- Born: December 12, 1968 (age 57) Shantou, Guangdong, China
- Other name: A Qiu (阿丘)
- Education: Guangxi Teachers Training College [zh]
- Occupation: Host
- Years active: 2003–2020
- Television: China Central Television

Chinese name
- Chinese: 邱孟煌

Standard Mandarin
- Hanyu Pinyin: Qiū Mènghuáng

= Qiu Menghuang =

Chinese television presenter

Qiu Menghuang (邱孟煌 (Qiū Mènghuáng), born 12 December 1968), also known as his stage name A Qiu (阿丘), is a Chinese television presenter and blogger.

Qiu Menghuang was born in Shantou, Guangdong Province on 12 December 1968, his parents were both soldiers. Qiu's mother was a Returned Malaysian Chinese. He was admitted to Guangxi Teachers Training College (present-day Nanning Normal University), majoring political economy. After his graduation in 1989, he was assigned to Nanning Cotton Textile Printing and Dyeing Factory, as a political cadre of labor union. In 1992, he became a playwright in Nanning Art Theater.

Qiu joined China Central Television (CCTV) as a television presenter on 21 April 2003. He had hosted several programs, including Society in the News (社会记录), The Elite (人物新周刊), and Daily stories (天天故事汇).

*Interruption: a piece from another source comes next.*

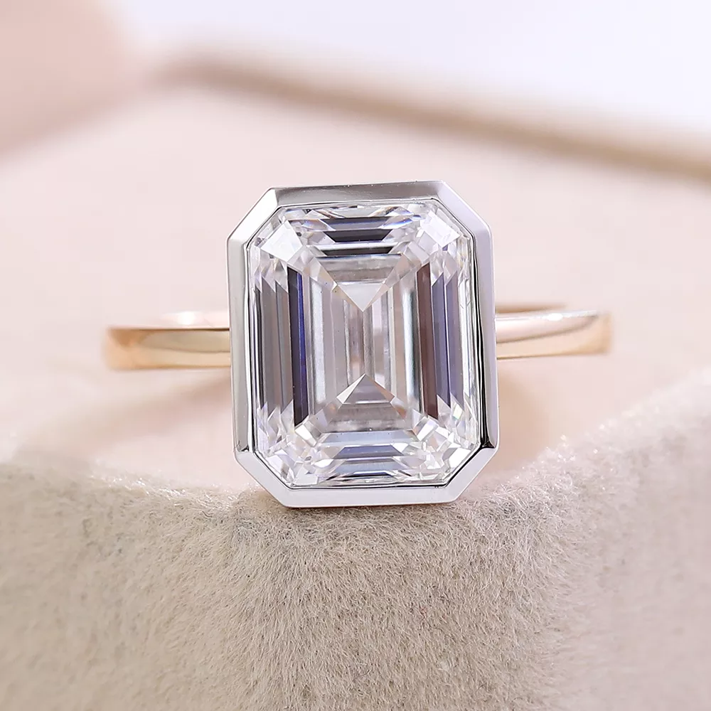 4ct Emerald-Cut Solitaire Ring | Emerald-Cut Moissanite Dual-Metal Solitaire Ring

In November 2019, there were rumors that Qiu had been expelled from CCTV. Qiu denied this.

During the COVID-19 pandemic in China, on 26 February 2020, Qiu posted on Sina Weibo: "Even though the stereotype of 'sick man of Asia' has been shattered for over a century, can we be more gentle and apologetic in our tone, humbly put on some face masks and give a bow to the world and say 'sorry for the mess'?" The tweet was subsequently deleted, however, many Chinese social media users accused Qiu of "betraying China" and "providing a moral basis for the global anti-Chinese behavior". On 4 March, CCTV announced that Qiu had been "completely banned from hosting shows".